DIRECTIONS:
Reproduce the listing below in full and without alteration, apart from its pictures.

DATA FOR REVIEW:
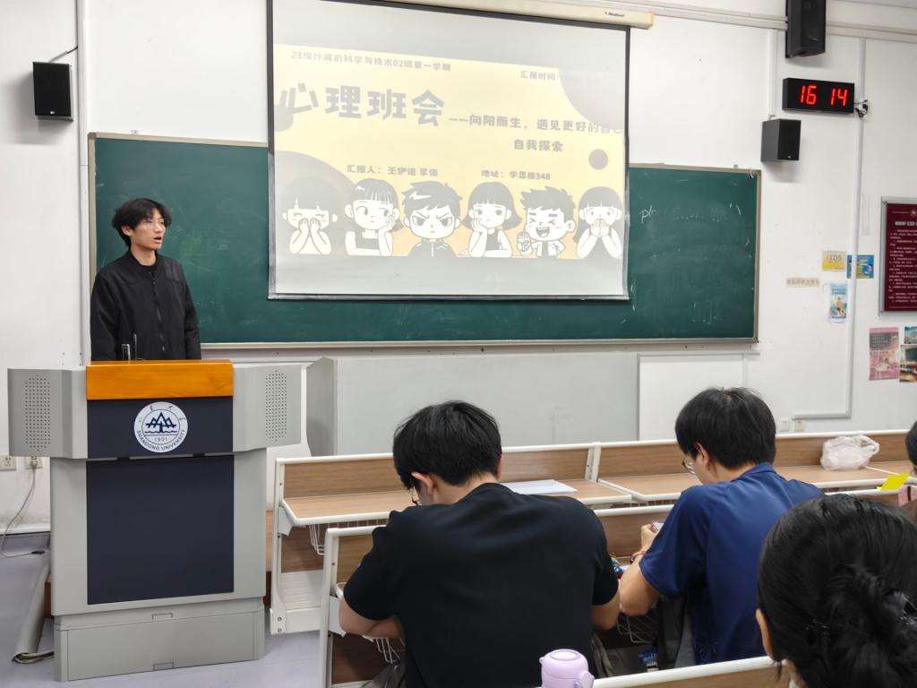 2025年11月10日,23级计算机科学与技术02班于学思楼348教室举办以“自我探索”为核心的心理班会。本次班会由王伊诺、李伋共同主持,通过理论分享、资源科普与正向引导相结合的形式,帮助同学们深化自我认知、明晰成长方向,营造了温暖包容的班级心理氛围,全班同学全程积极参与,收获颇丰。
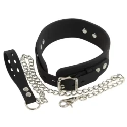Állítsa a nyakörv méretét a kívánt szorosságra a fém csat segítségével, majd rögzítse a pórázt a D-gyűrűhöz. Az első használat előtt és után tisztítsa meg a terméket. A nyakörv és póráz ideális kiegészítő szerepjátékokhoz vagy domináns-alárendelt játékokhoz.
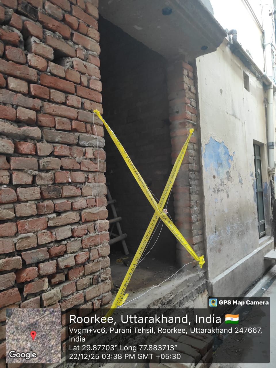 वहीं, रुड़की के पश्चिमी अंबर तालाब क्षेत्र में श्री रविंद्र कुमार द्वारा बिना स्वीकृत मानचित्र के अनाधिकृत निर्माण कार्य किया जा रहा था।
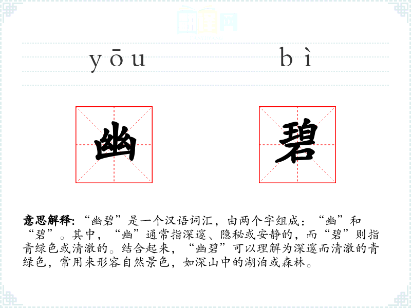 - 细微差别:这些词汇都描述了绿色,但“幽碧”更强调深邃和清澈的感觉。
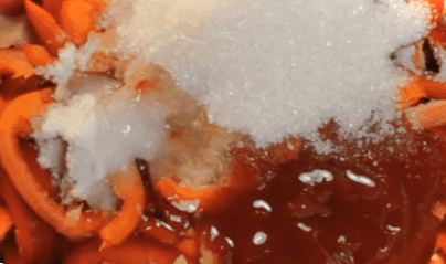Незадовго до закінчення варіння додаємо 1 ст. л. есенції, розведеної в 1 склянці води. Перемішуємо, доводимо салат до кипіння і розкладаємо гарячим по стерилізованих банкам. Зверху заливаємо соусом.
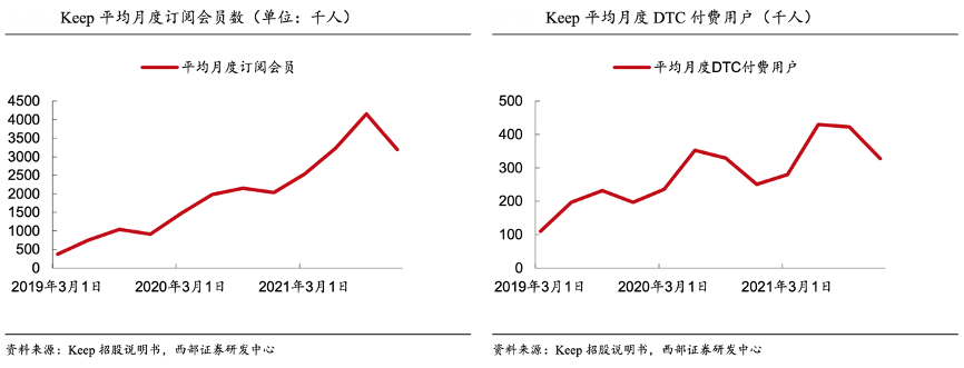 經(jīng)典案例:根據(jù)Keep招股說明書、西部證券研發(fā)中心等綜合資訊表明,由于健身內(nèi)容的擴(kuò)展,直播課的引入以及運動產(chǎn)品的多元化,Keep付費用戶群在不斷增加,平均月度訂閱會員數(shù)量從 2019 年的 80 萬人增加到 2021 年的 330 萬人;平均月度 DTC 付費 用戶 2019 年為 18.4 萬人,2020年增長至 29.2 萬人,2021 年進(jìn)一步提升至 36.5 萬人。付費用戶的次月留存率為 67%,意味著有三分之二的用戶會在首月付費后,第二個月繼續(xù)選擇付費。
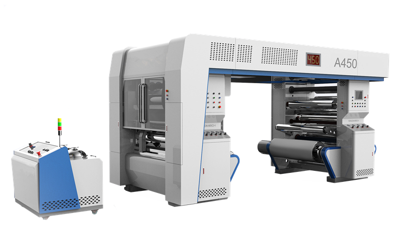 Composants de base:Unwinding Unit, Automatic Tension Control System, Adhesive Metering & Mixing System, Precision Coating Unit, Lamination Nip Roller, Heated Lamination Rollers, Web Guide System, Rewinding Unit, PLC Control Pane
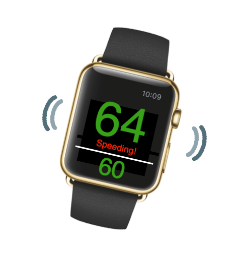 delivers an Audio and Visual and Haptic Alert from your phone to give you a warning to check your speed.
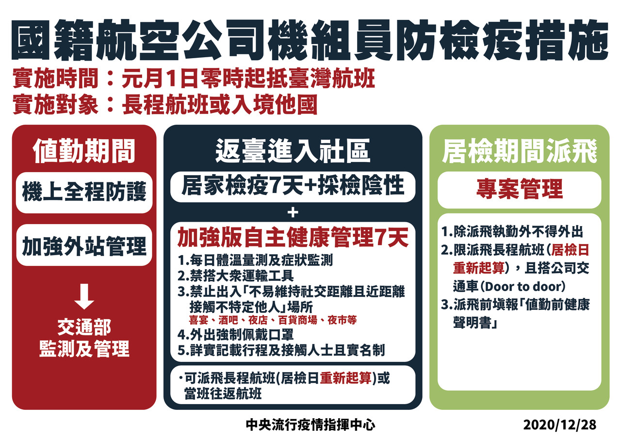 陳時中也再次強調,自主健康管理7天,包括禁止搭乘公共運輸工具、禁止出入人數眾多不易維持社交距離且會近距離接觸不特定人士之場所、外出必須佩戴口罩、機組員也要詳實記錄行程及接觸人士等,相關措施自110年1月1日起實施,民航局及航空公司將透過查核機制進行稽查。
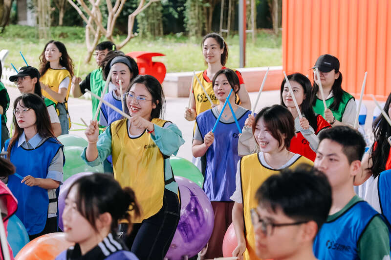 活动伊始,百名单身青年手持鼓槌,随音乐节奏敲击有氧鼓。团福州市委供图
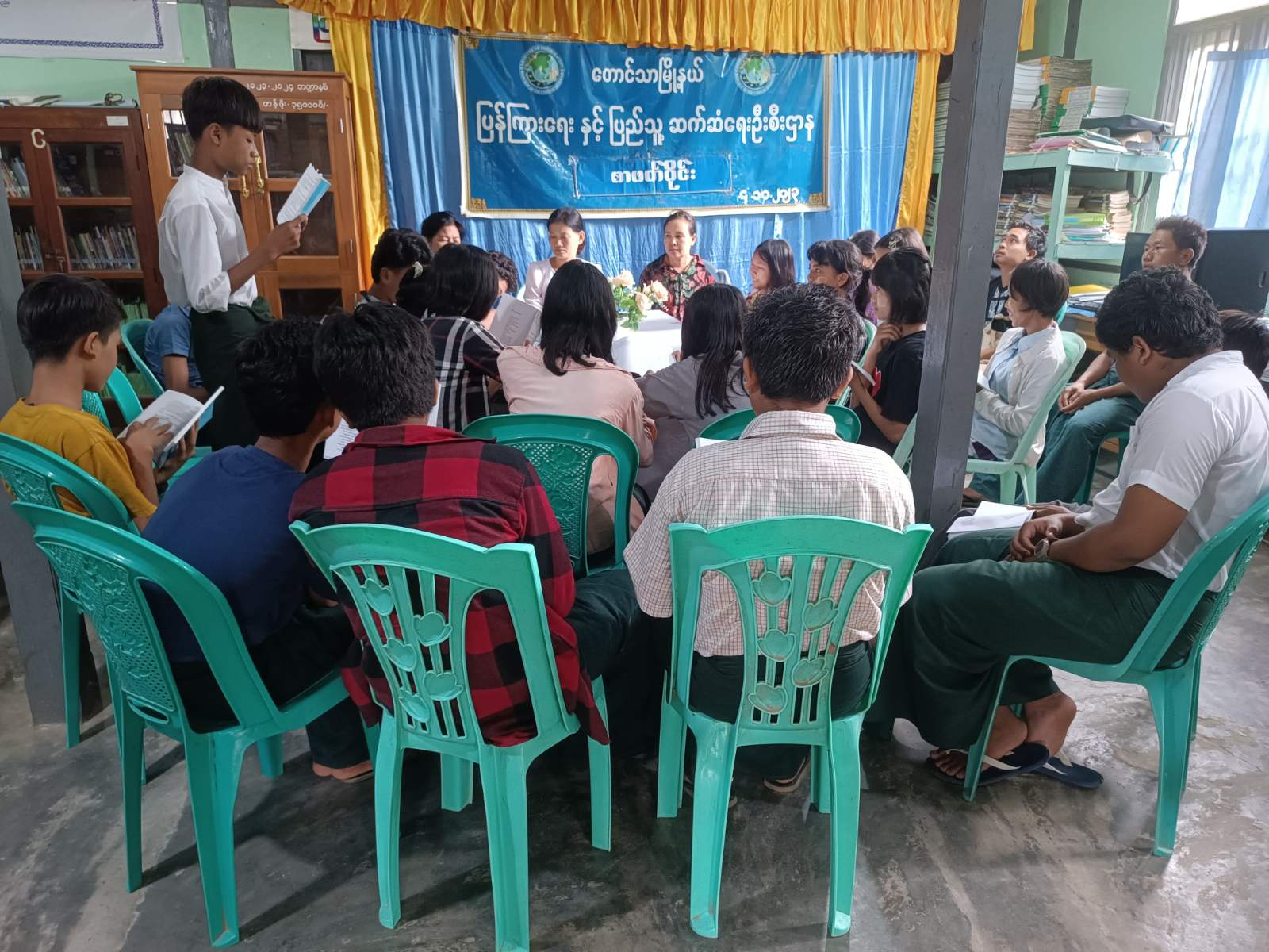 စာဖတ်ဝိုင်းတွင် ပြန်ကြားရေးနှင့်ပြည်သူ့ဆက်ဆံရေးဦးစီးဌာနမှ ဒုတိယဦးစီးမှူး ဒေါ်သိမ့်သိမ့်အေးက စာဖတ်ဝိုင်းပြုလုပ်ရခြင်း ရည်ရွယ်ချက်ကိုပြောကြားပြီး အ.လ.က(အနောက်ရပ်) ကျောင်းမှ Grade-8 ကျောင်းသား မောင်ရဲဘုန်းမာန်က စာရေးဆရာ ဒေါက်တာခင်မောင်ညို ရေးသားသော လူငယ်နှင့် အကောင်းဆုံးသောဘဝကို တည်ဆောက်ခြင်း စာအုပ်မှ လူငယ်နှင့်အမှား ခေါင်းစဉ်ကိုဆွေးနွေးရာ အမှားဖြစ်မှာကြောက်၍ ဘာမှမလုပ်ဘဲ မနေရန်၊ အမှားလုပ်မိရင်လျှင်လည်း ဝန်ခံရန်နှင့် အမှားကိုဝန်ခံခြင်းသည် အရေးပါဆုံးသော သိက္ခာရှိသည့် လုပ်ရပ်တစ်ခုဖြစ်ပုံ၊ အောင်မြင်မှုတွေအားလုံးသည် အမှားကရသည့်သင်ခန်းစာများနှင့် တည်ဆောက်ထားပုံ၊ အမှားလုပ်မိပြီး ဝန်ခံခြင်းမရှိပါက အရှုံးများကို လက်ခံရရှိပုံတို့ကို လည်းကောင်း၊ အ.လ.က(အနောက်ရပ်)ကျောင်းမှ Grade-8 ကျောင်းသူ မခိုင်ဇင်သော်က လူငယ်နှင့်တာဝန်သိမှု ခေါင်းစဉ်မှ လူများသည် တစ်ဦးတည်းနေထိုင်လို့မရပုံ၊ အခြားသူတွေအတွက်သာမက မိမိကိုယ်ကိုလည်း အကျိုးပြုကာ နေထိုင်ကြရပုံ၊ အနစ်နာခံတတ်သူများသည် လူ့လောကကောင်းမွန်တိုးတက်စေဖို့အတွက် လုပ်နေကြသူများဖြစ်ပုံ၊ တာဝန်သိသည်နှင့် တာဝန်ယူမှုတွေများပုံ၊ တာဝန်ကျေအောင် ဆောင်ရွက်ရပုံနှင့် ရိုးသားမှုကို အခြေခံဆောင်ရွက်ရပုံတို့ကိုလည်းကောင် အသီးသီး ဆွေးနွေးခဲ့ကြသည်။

OUTPUT FOR THIS EXERCISE:
 2025年11月10日,23级计算机科学与技术02班于学思楼348教室举办以“自我探索”为核心的心理班会。本次班会由王伊诺、李伋共同主持,通过理论分享、资源科普与正向引导相结合的形式,帮助同学们深化自我认知、明晰成长方向,营造了温暖包容的班级心理氛围,全班同学全程积极参与,收获颇丰。
Állítsa a nyakörv méretét a kívánt szorosságra a fém csat segítségével, majd rögzítse a pórázt a D-gyűrűhöz. Az első használat előtt és után tisztítsa meg a terméket. A nyakörv és póráz ideális kiegészítő szerepjátékokhoz vagy domináns-alárendelt játékokhoz.
 वहीं, रुड़की के पश्चिमी अंबर तालाब क्षेत्र में श्री रविंद्र कुमार द्वारा बिना स्वीकृत मानचित्र के अनाधिकृत निर्माण कार्य किया जा रहा था।
 - 细微差别:这些词汇都描述了绿色,但“幽碧”更强调深邃和清澈的感觉。
Незадовго до закінчення варіння додаємо 1 ст. л. есенції, розведеної в 1 склянці води. Перемішуємо, доводимо салат до кипіння і розкладаємо гарячим по стерилізованих банкам. Зверху заливаємо соусом.
 經(jīng)典案例:根據(jù)Keep招股說明書、西部證券研發(fā)中心等綜合資訊表明,由于健身內(nèi)容的擴(kuò)展,直播課的引入以及運動產(chǎn)品的多元化,Keep付費用戶群在不斷增加,平均月度訂閱會員數(shù)量從 2019 年的 80 萬人增加到 2021 年的 330 萬人;平均月度 DTC 付費 用戶 2019 年為 18.4 萬人,2020年增長至 29.2 萬人,2021 年進(jìn)一步提升至 36.5 萬人。付費用戶的次月留存率為 67%,意味著有三分之二的用戶會在首月付費后,第二個月繼續(xù)選擇付費。
 Composants de base:Unwinding Unit, Automatic Tension Control System, Adhesive Metering & Mixing System, Precision Coating Unit, Lamination Nip Roller, Heated Lamination Rollers, Web Guide System, Rewinding Unit, PLC Control Pane
 delivers an Audio and Visual and Haptic Alert from your phone to give you a warning to check your speed.
 陳時中也再次強調,自主健康管理7天,包括禁止搭乘公共運輸工具、禁止出入人數眾多不易維持社交距離且會近距離接觸不特定人士之場所、外出必須佩戴口罩、機組員也要詳實記錄行程及接觸人士等,相關措施自110年1月1日起實施,民航局及航空公司將透過查核機制進行稽查。
 活动伊始,百名单身青年手持鼓槌,随音乐节奏敲击有氧鼓。团福州市委供图
 စာဖတ်ဝိုင်းတွင် ပြန်ကြားရေးနှင့်ပြည်သူ့ဆက်ဆံရေးဦးစီးဌာနမှ ဒုတိယဦးစီးမှူး ဒေါ်သိမ့်သိမ့်အေးက စာဖတ်ဝိုင်းပြုလုပ်ရခြင်း ရည်ရွယ်ချက်ကိုပြောကြားပြီး အ.လ.က(အနောက်ရပ်) ကျောင်းမှ Grade-8 ကျောင်းသား မောင်ရဲဘုန်းမာန်က စာရေးဆရာ ဒေါက်တာခင်မောင်ညို ရေးသားသော လူငယ်နှင့် အကောင်းဆုံးသောဘဝကို တည်ဆောက်ခြင်း စာအုပ်မှ လူငယ်နှင့်အမှား ခေါင်းစဉ်ကိုဆွေးနွေးရာ အမှားဖြစ်မှာကြောက်၍ ဘာမှမလုပ်ဘဲ မနေရန်၊ အမှားလုပ်မိရင်လျှင်လည်း ဝန်ခံရန်နှင့် အမှားကိုဝန်ခံခြင်းသည် အရေးပါဆုံးသော သိက္ခာရှိသည့် လုပ်ရပ်တစ်ခုဖြစ်ပုံ၊ အောင်မြင်မှုတွေအားလုံးသည် အမှားကရသည့်သင်ခန်းစာများနှင့် တည်ဆောက်ထားပုံ၊ အမှားလုပ်မိပြီး ဝန်ခံခြင်းမရှိပါက အရှုံးများကို လက်ခံရရှိပုံတို့ကို လည်းကောင်း၊ အ.လ.က(အနောက်ရပ်)ကျောင်းမှ Grade-8 ကျောင်းသူ မခိုင်ဇင်သော်က လူငယ်နှင့်တာဝန်သိမှု ခေါင်းစဉ်မှ လူများသည် တစ်ဦးတည်းနေထိုင်လို့မရပုံ၊ အခြားသူတွေအတွက်သာမက မိမိကိုယ်ကိုလည်း အကျိုးပြုကာ နေထိုင်ကြရပုံ၊ အနစ်နာခံတတ်သူများသည် လူ့လောကကောင်းမွန်တိုးတက်စေဖို့အတွက် လုပ်နေကြသူများဖြစ်ပုံ၊ တာဝန်သိသည်နှင့် တာဝန်ယူမှုတွေများပုံ၊ တာဝန်ကျေအောင် ဆောင်ရွက်ရပုံနှင့် ရိုးသားမှုကို အခြေခံဆောင်ရွက်ရပုံတို့ကိုလည်းကောင် အသီးသီး ဆွေးနွေးခဲ့ကြသည်။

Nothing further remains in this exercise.